Classic Chinese jasmine green tea — fragrant, floral and approachable to any guest. Scented with fresh jasmine blossoms using an ancient technique that layers fragrance into the leaf without adding the flower. Light, refreshing and low in caffeine.
Jasmine green tea is the world's most widely recognised scented tea — a pairing refined in China's Fujian and Guangxi provinces for over a thousand years. What distinguishes a properly made jasmine green from the jasmine teabags most guests have encountered is the scenting method: fresh jasmine blossoms are layered with green tea leaves at night when the flowers open, then removed. This process is repeated multiple times. The result is a tea that smells unmistakably of jasmine but tastes primarily of tea — floral on the nose, clean and sweet in the cup.
The overwhelming majority of jasmine tea sold commercially is flavoured, not scented: jasmine extract or oil added to a tea base. The difference in the cup is immediately apparent. Flavoured jasmine is one-dimensional, perfume-like, fading quickly; properly scented jasmine has layered fragrance that opens on the steam, develops in the first infusion and softens in later steeps as the tea character comes forward.
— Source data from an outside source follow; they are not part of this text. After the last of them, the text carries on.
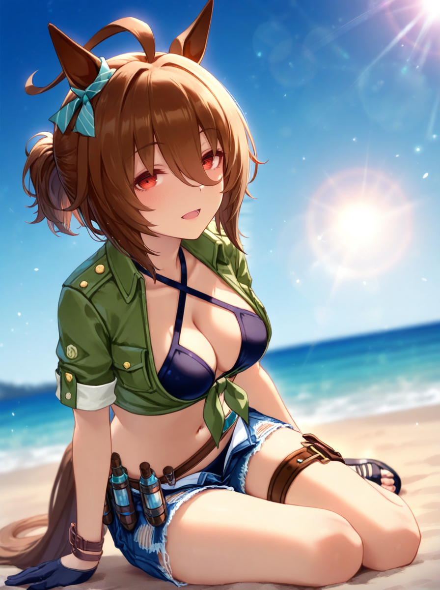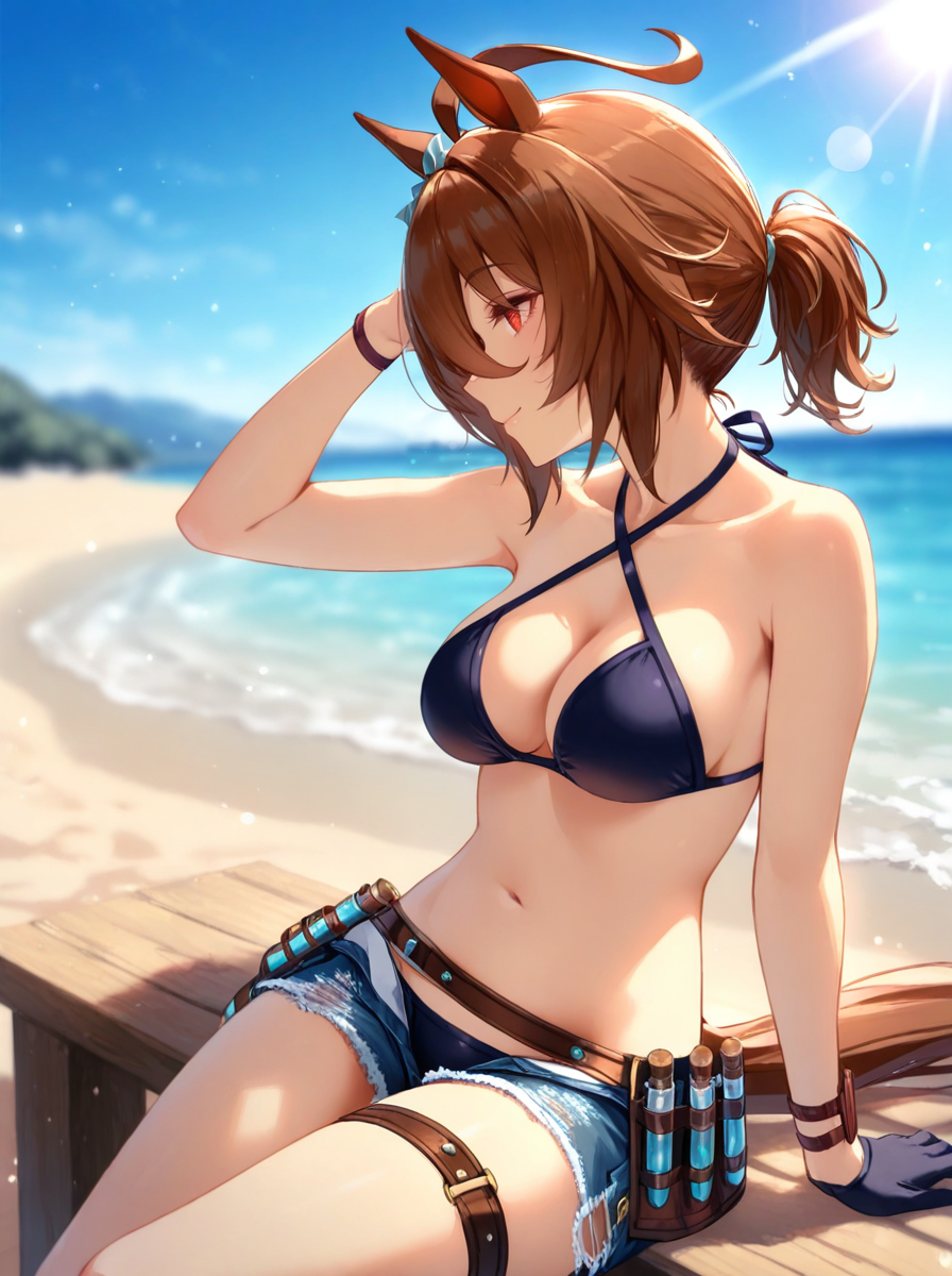 - 绿色系带夹克、敞开式裤门、烧瓶、马耳、圆底烧瓶、撕破的牛仔短裤、吊带黑色比基尼、肚脐、黑色靴子凉鞋、马尾、露腹、单只黑色手套、内衣下比基尼、黑色腰带、试管、胸部显露、袖子卷起、短马尾、单条棕色大腿带、疯狂实验室、腰带包、单条蓝色条纹耳带
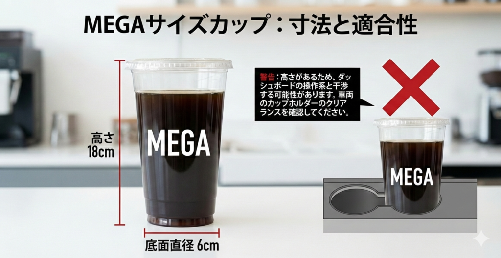 メガサイズの底面はMサイズとほぼ同じ約6cmに設計されているため、標準的な車のドリンクホルダーには問題なく収まります。
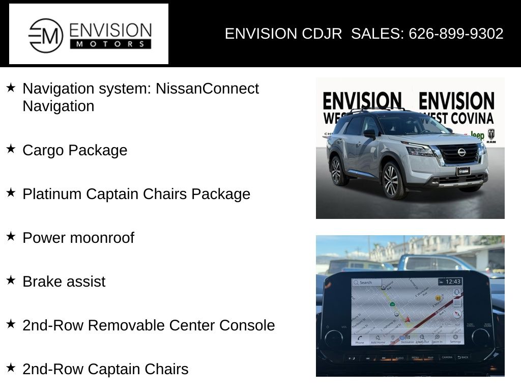 WE SPECIALIZE IN ALL CREDIT PROFILES! See what we can do for you! Call to find out (626) 899-9302.CARFAX One-Owner. Clean CARFAX.20/27 City/Highway MPG 2nd-Row Captain Chairs, 2nd-Row Removable Center Console, Brake assist, Cargo Package, Navigation system: NissanConnect Navigation, Platinum Captain Chairs Package, Power moonroof.Solid Gray/Super Black2023 Nissan Pathfinder Platinum FWD 9-Speed Automatic V6**********All Pricing and Advertised Prices for any/all vehicles offered for sale does not include dealer installed accessories which can be purchased for an additional cost.********** The Factory Rebates may not be available on this vehicle if you elect to take advantage of a Special Alternative APR or Special Lease program. Some Factory Rebates are California Resident specific and may vary for residents of other states. NO sales to Dealers, Brokers or Exporters. For out of state purchase, customers must be present to purchase. If shipping is required, dealership must facilitate; no exceptions. Please contact us for special Multi-Vehicle or Fleet pricing. Prices are plus government fees and taxes, any finance charges, $85 documentary fee, $29 electronic registration fee, any emission testing charge and $1.75 per new tire state tire fee. *** We make every effort to provide accurate information, but please verify before purchasing. Leasing & financing available on approved credit. Trade-ins accepted. Subject to prior sale.

For a cafe positioning its tea programme as genuinely premium, this distinction is worth communicating to guests. It is the kind of detail that builds repeat custom.
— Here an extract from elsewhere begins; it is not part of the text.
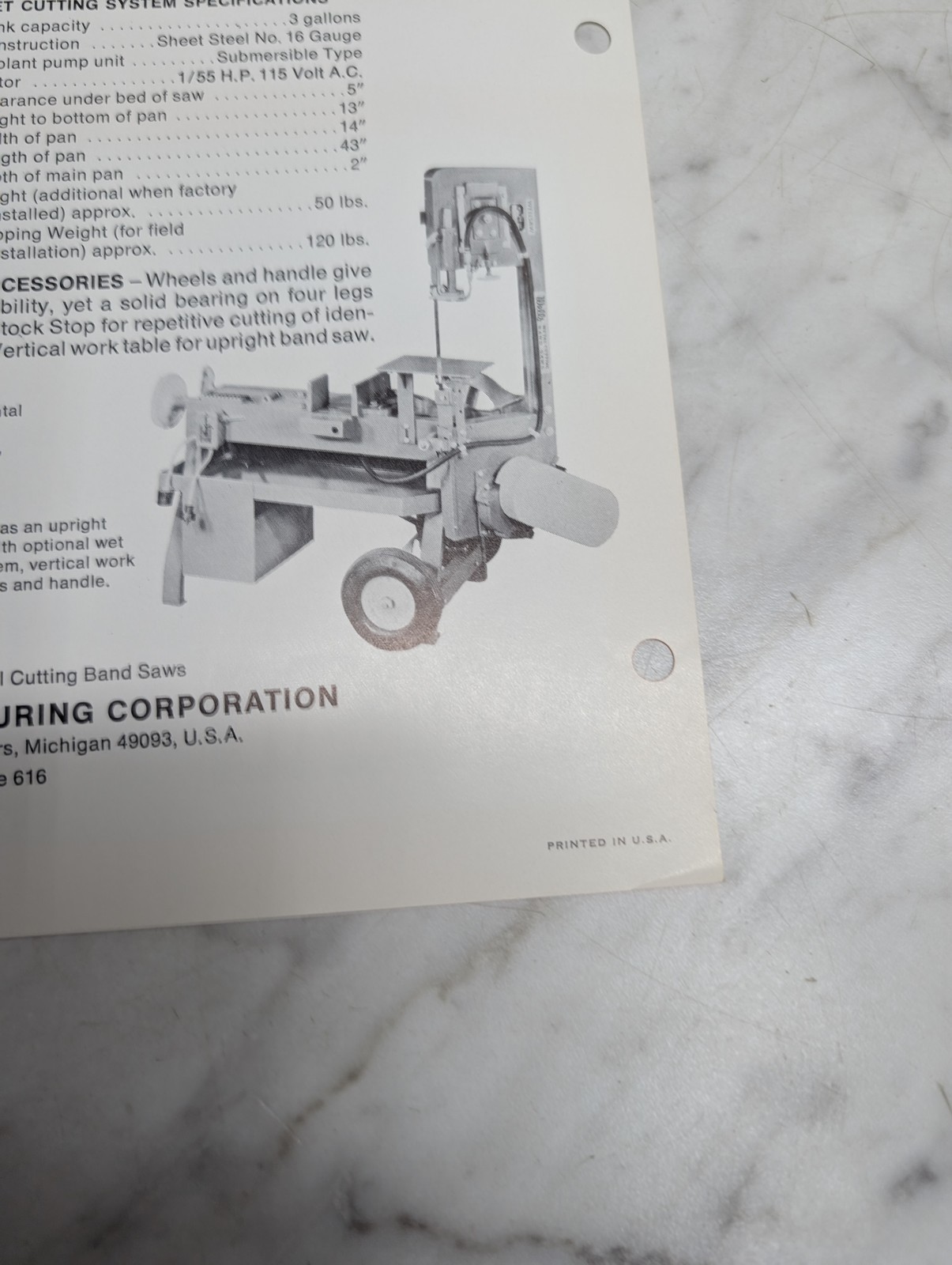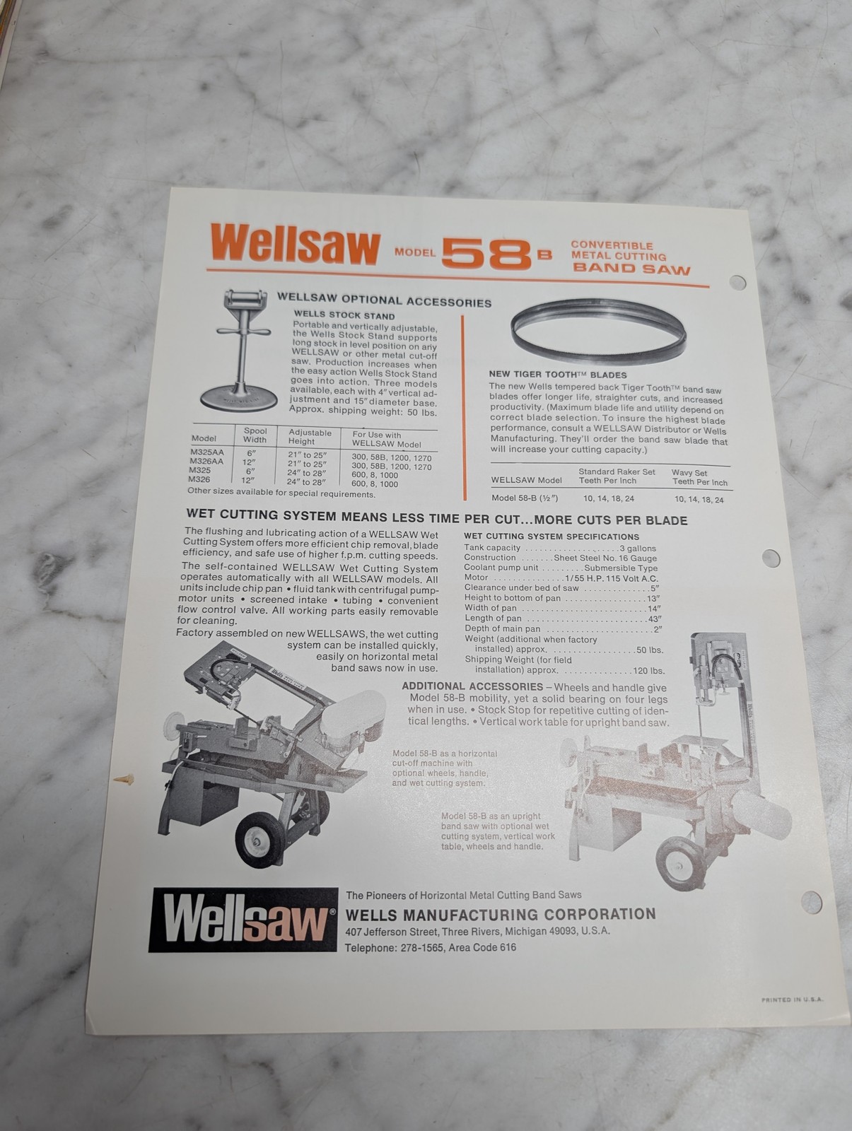 Wellsaw 58 B Convertible Metal Cutting Band Saw Model Sales Sheet Brochure

Jasmine green tea consistently reaches guests who claim not to like tea. The floral fragrance is immediately welcoming, the natural sweetness requires no additions and the low caffeine level makes it appropriate across the whole day. It requires no explanation for most guests — they recognise it, associate it with positive experiences, and trust it. For a cafe adding loose-leaf service without wanting to train extensively, jasmine green is the lowest-resistance addition: it sells itself, re-steeps well and produces a visually appealing pot. Brew at 80°C, 3g per 200ml, 45–60 second first steep.
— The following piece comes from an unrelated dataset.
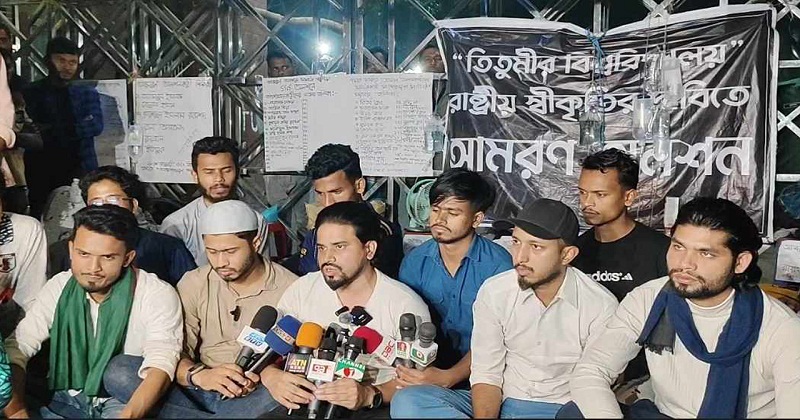 প্রসঙ্গত, সরকারি তিতুমীর কলেজকে বিশ্ববিদ্যালয়ে রূপান্তরের দাবিতে বেশ কয়েক মাস ধরে আন্দোলন করে আসছিলেন প্রতিষ্ঠানটির শিক্ষার্থীরা। এ দাবিতে মিছিল, সড়ক-রেলপথ অবরোধ, স্মারকলিপি প্রদান, ক্লাস বর্জনসহ বিভিন্ন কর্মসূচি পালন করেন তারা। যার পরিপ্রেক্ষিতে সম্ভাব্যতা যাচাই-বাছাই করতে শিক্ষা মন্ত্রণালয়ের পক্ষ থেকে একটি বিশেষ কমিটিও গঠন করা হয়। তবে সম্প্রতি এ বিষয়ে ইতিবাচক কোনো সাড়া না পেয়ে গত বুধবার (২৯ জানুয়ারি) বিকেল থেকে দাবি আদায়ে আমরণ অনশনসহ বিভিন্ন কর্মসূচি পালন করছেন শিক্ষার্থীরা।

With caffeine equivalent to standard green tea, jasmine green is appropriate for afternoon and evening service — a significant advantage over the higher-caffeine teas in the range. For hotel lobby cafes running through dinner, for wellness venues wanting something floral and familiar, and for restaurants needing an end-of-meal option that is not herbal but still gentle, jasmine green delivers. It pairs naturally with Chinese and Asian cuisine, with light desserts and with any occasion where the guest wants to slow down without switching to something entirely different.